Given entries:
+ + + +

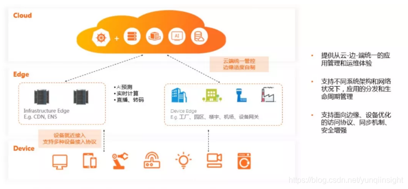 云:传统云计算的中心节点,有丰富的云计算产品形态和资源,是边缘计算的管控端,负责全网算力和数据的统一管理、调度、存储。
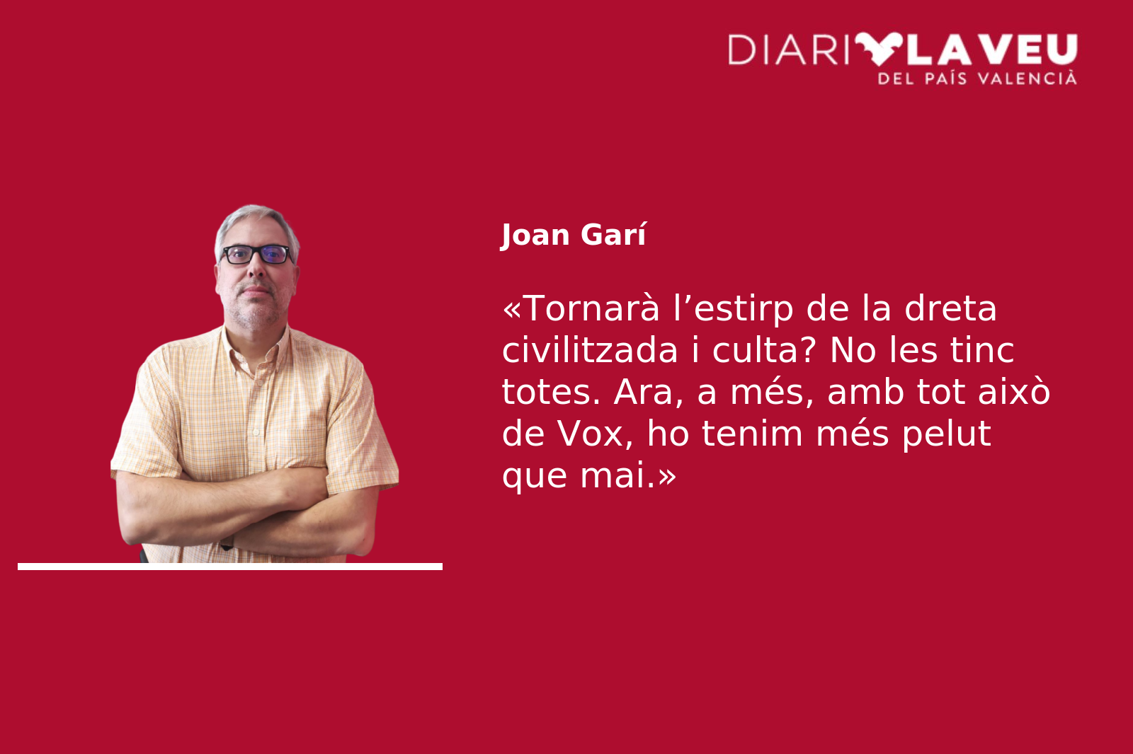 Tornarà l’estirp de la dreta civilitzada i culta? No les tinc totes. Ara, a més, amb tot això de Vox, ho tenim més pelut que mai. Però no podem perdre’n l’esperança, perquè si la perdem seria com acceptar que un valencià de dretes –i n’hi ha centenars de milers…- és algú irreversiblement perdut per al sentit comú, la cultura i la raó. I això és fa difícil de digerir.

+ + + +

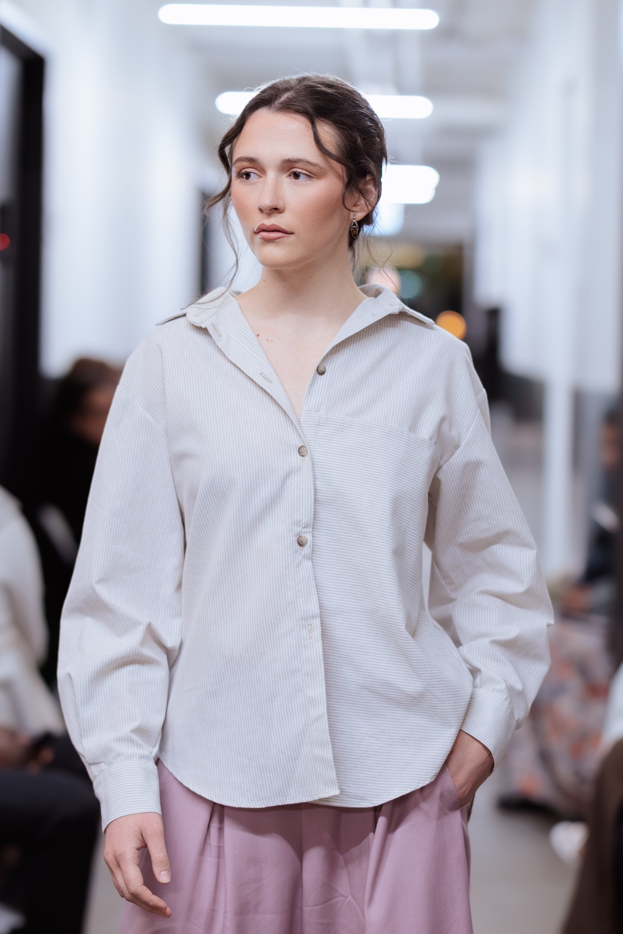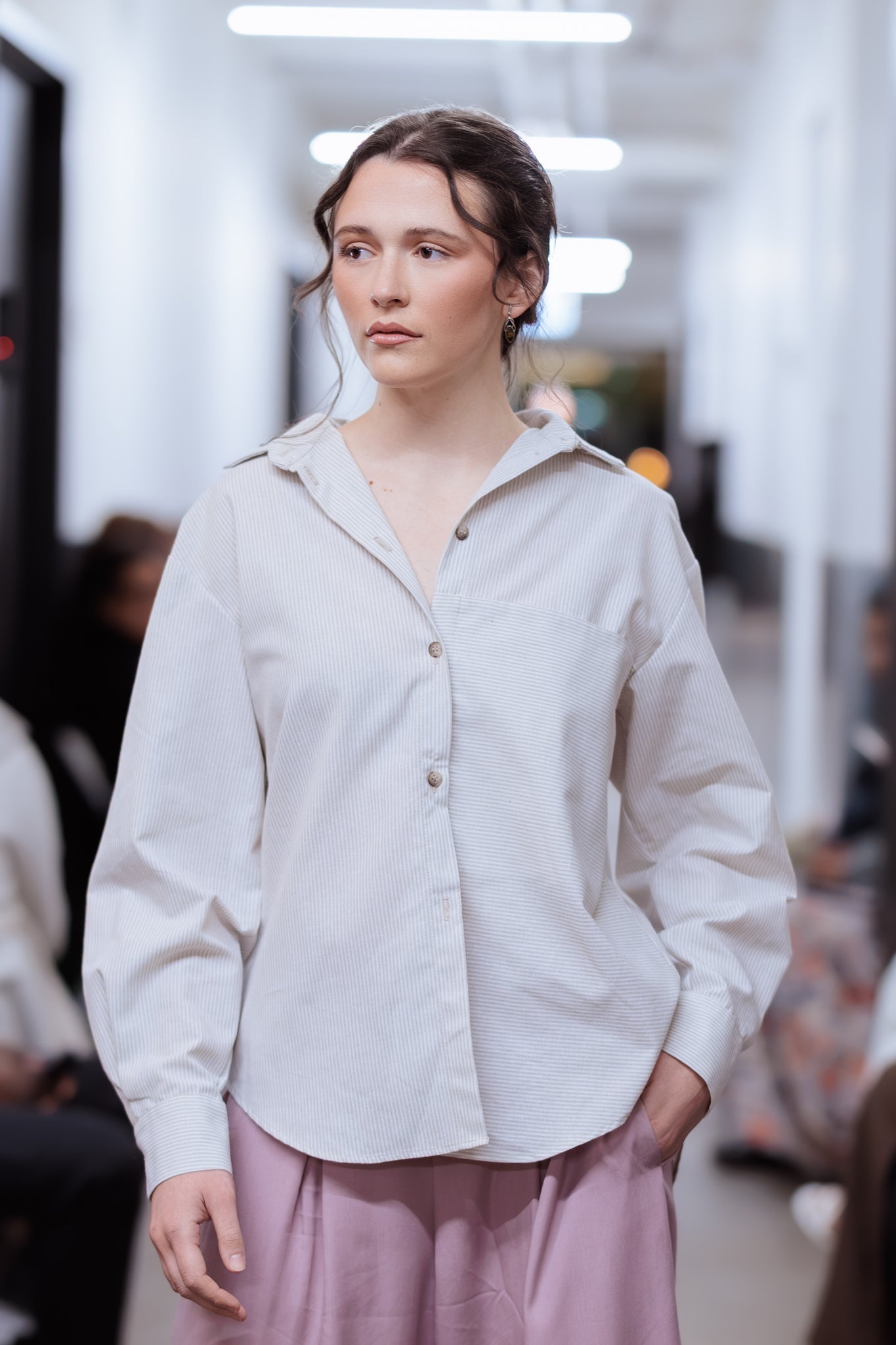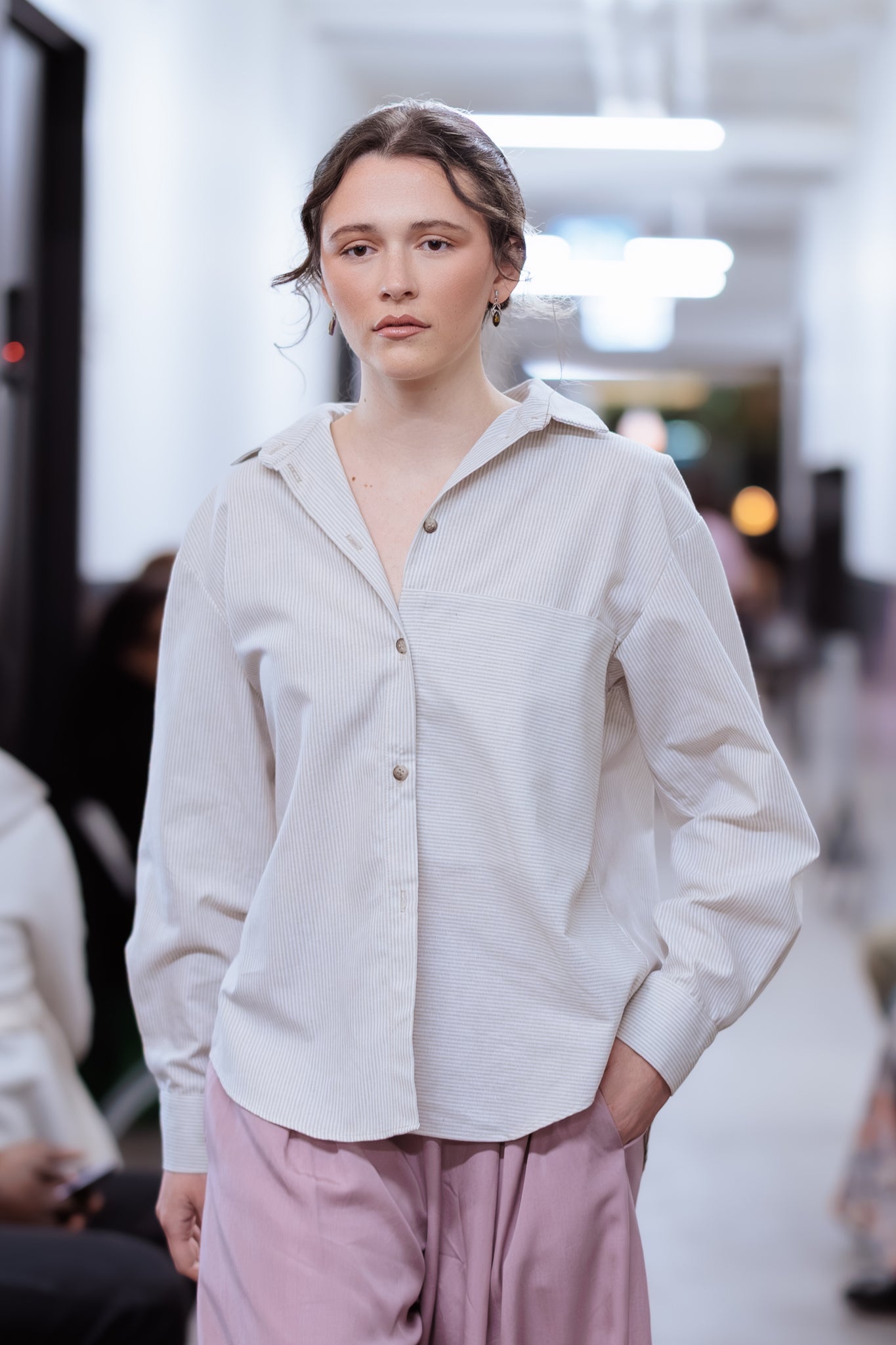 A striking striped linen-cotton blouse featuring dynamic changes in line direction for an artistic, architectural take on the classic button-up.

+ + + +

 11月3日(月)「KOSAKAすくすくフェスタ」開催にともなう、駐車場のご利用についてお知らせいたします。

+ + + +

Required action: Copy exactly, without pictures, the lines above from the one with "云:传统云计算的中心节点,有" down to the one with "Tornarà l’estirp de", inclusive.

Reply:
 云:传统云计算的中心节点,有丰富的云计算产品形态和资源,是边缘计算的管控端,负责全网算力和数据的统一管理、调度、存储。
 Tornarà l’estirp de la dreta civilitzada i culta? No les tinc totes. Ara, a més, amb tot això de Vox, ho tenim més pelut que mai. Però no podem perdre’n l’esperança, perquè si la perdem seria com acceptar que un valencià de dretes –i n’hi ha centenars de milers…- és algú irreversiblement perdut per al sentit comú, la cultura i la raó. I això és fa difícil de digerir.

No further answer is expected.